• [Activity] From the first line to the last, please print the entries exactly, omitting pictures.
*** Opening of Data extract ***
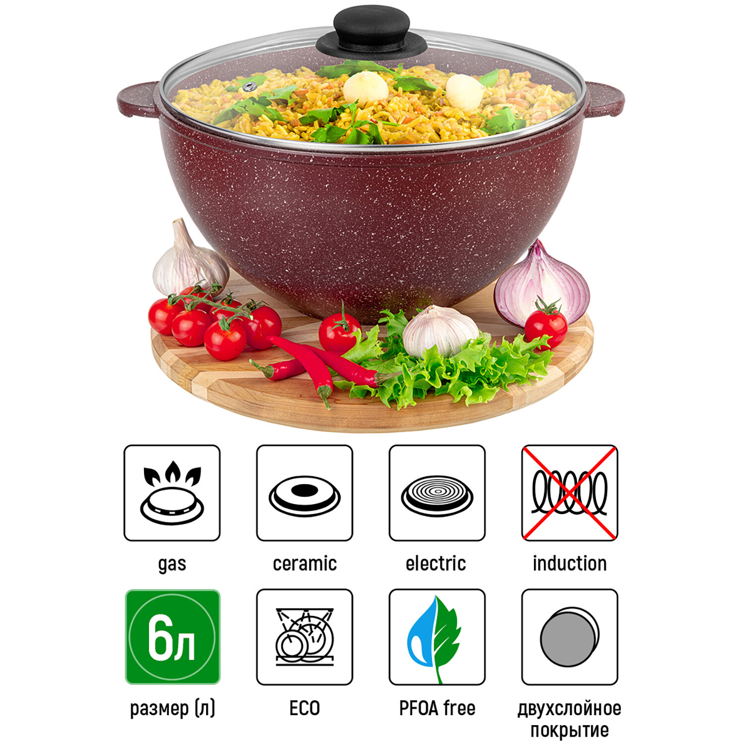 Казан 6 л Elan Gallery гармония вкуса "Рубин" с крышкой ф28, 34,5*29,5*19,5 см информация:
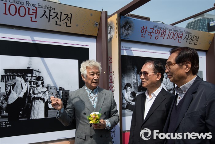 (서울=포커스뉴스) 18일 오후 서울시청 앞 광장에서 열린 '한국영화 100년 사진전' 개막식에서 배우 신성일이 전시된 작품을 설명하고 있다.
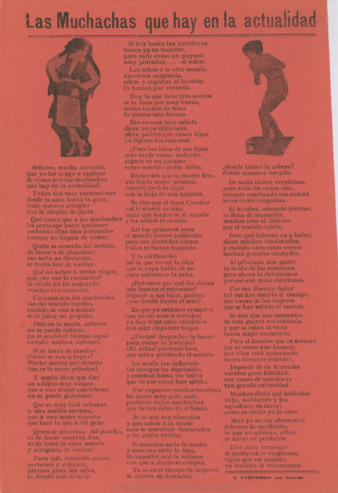 Fragmento de la primera estrofa: "Señores, mucha atención, que yo les vengo a explicar de como son las muchachas que hay en la actualidad.” | 1 hoja color rojo impresa en offset: 30 x 20 cm; Fecha de publicación no identificada
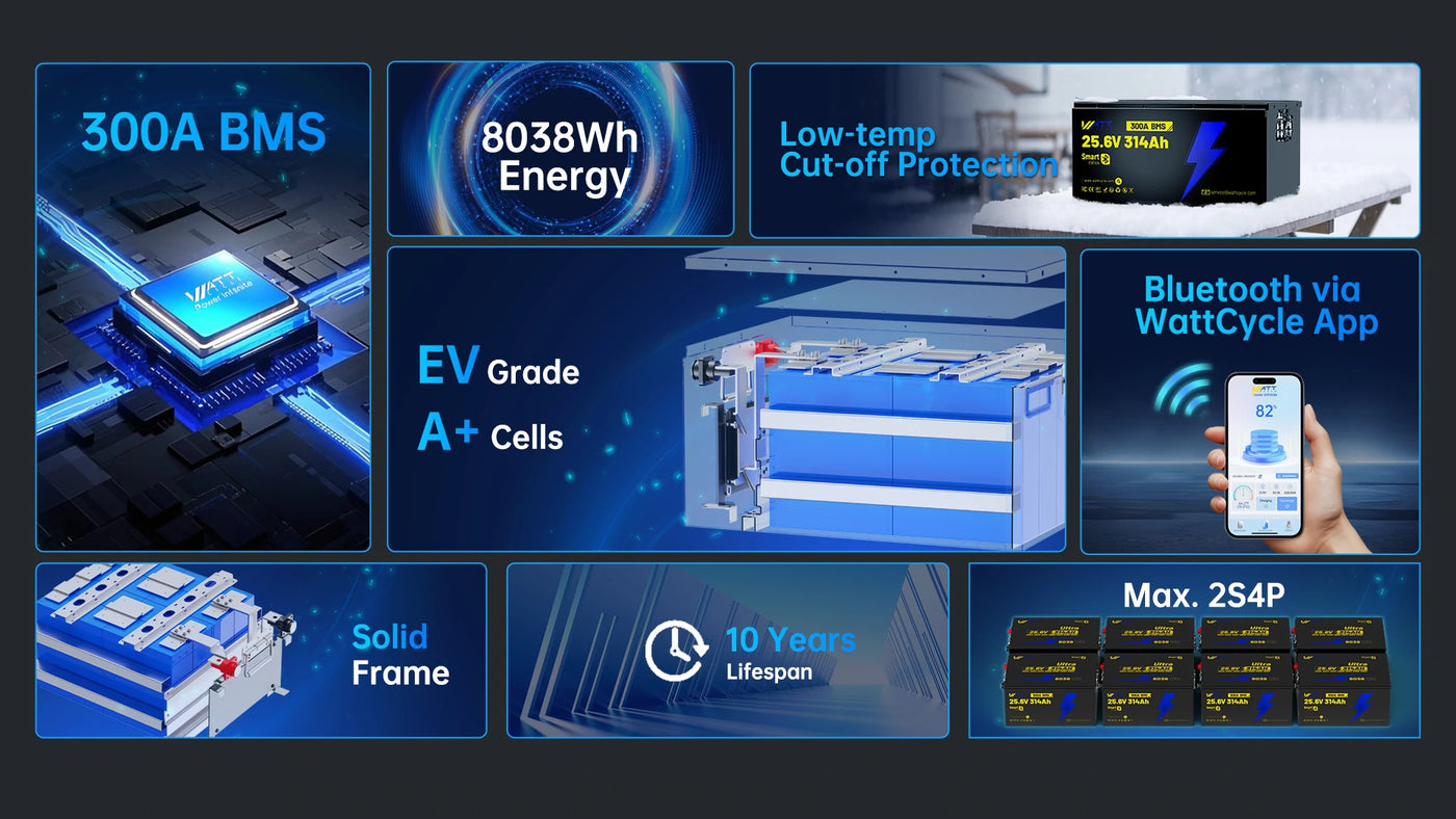 ⚡Massive Capacity: 314Ah (25.6V) | ~8kWh energy storage in a single unit.
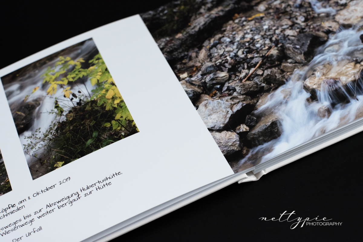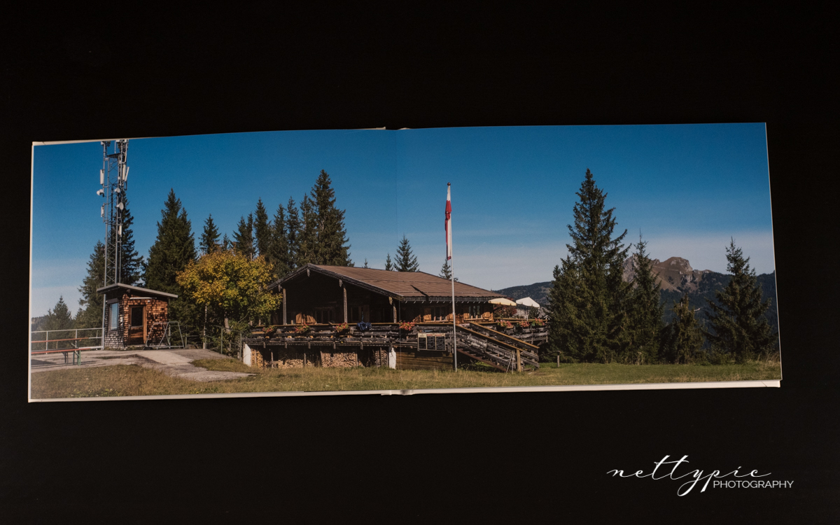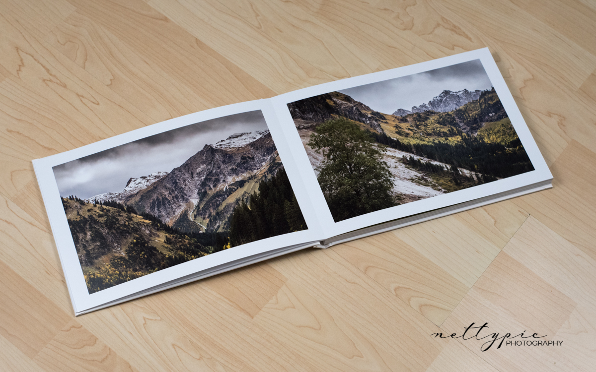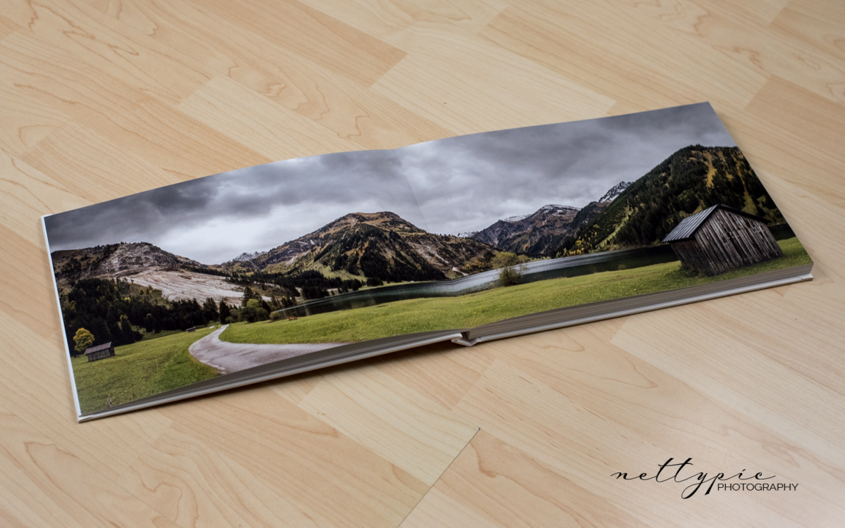 Darüber hinaus wird eine Warnung angezeigt, falls Fotos oder Textfelder falsch platziert werden, was zu später zu unschönen weißen Rändern führen könnte. Die Bilder müssen immer entweder in ausreichendem Abstand an oder über die Beschnittlinie platziert werden. Sehr gespannt war ich darauf, wie Panoramafotos über zwei Seiten im fertigen Buch aussehen würden, da Saal Digital mit einer Layflat-Bindung ohne störenden Falz in der Buchmitte wirbt.
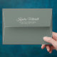 A deep sage green envelope with a text template on the back flap to personalize with your return address.
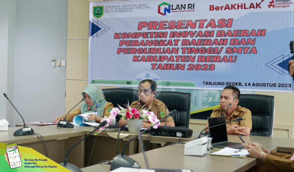 Presentasi ini dilaksanakan di ruang RKPD Bapelitbang Kabupaten Berau dan hadir secara virtual zoom tim juri dari kemendagri, LAN prov, Balitbangda prov, UGM jogja dan Bapelitbang kab berau,
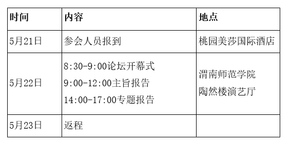时间:5月21-23日。5月21日全天报到,5月22日举办会议,5月23日返程。
*** Close of Data extract ***
• [Output]
 Казан 6 л Elan Gallery гармония вкуса "Рубин" с крышкой ф28, 34,5*29,5*19,5 см информация:
 (서울=포커스뉴스) 18일 오후 서울시청 앞 광장에서 열린 '한국영화 100년 사진전' 개막식에서 배우 신성일이 전시된 작품을 설명하고 있다.
 Fragmento de la primera estrofa: "Señores, mucha atención, que yo les vengo a explicar de como son las muchachas que hay en la actualidad.” | 1 hoja color rojo impresa en offset: 30 x 20 cm; Fecha de publicación no identificada
 ⚡Massive Capacity: 314Ah (25.6V) | ~8kWh energy storage in a single unit.
 Darüber hinaus wird eine Warnung angezeigt, falls Fotos oder Textfelder falsch platziert werden, was zu später zu unschönen weißen Rändern führen könnte. Die Bilder müssen immer entweder in ausreichendem Abstand an oder über die Beschnittlinie platziert werden. Sehr gespannt war ich darauf, wie Panoramafotos über zwei Seiten im fertigen Buch aussehen würden, da Saal Digital mit einer Layflat-Bindung ohne störenden Falz in der Buchmitte wirbt.
 A deep sage green envelope with a text template on the back flap to personalize with your return address.
 Presentasi ini dilaksanakan di ruang RKPD Bapelitbang Kabupaten Berau dan hadir secara virtual zoom tim juri dari kemendagri, LAN prov, Balitbangda prov, UGM jogja dan Bapelitbang kab berau,
时间:5月21-23日。5月21日全天报到,5月22日举办会议,5月23日返程。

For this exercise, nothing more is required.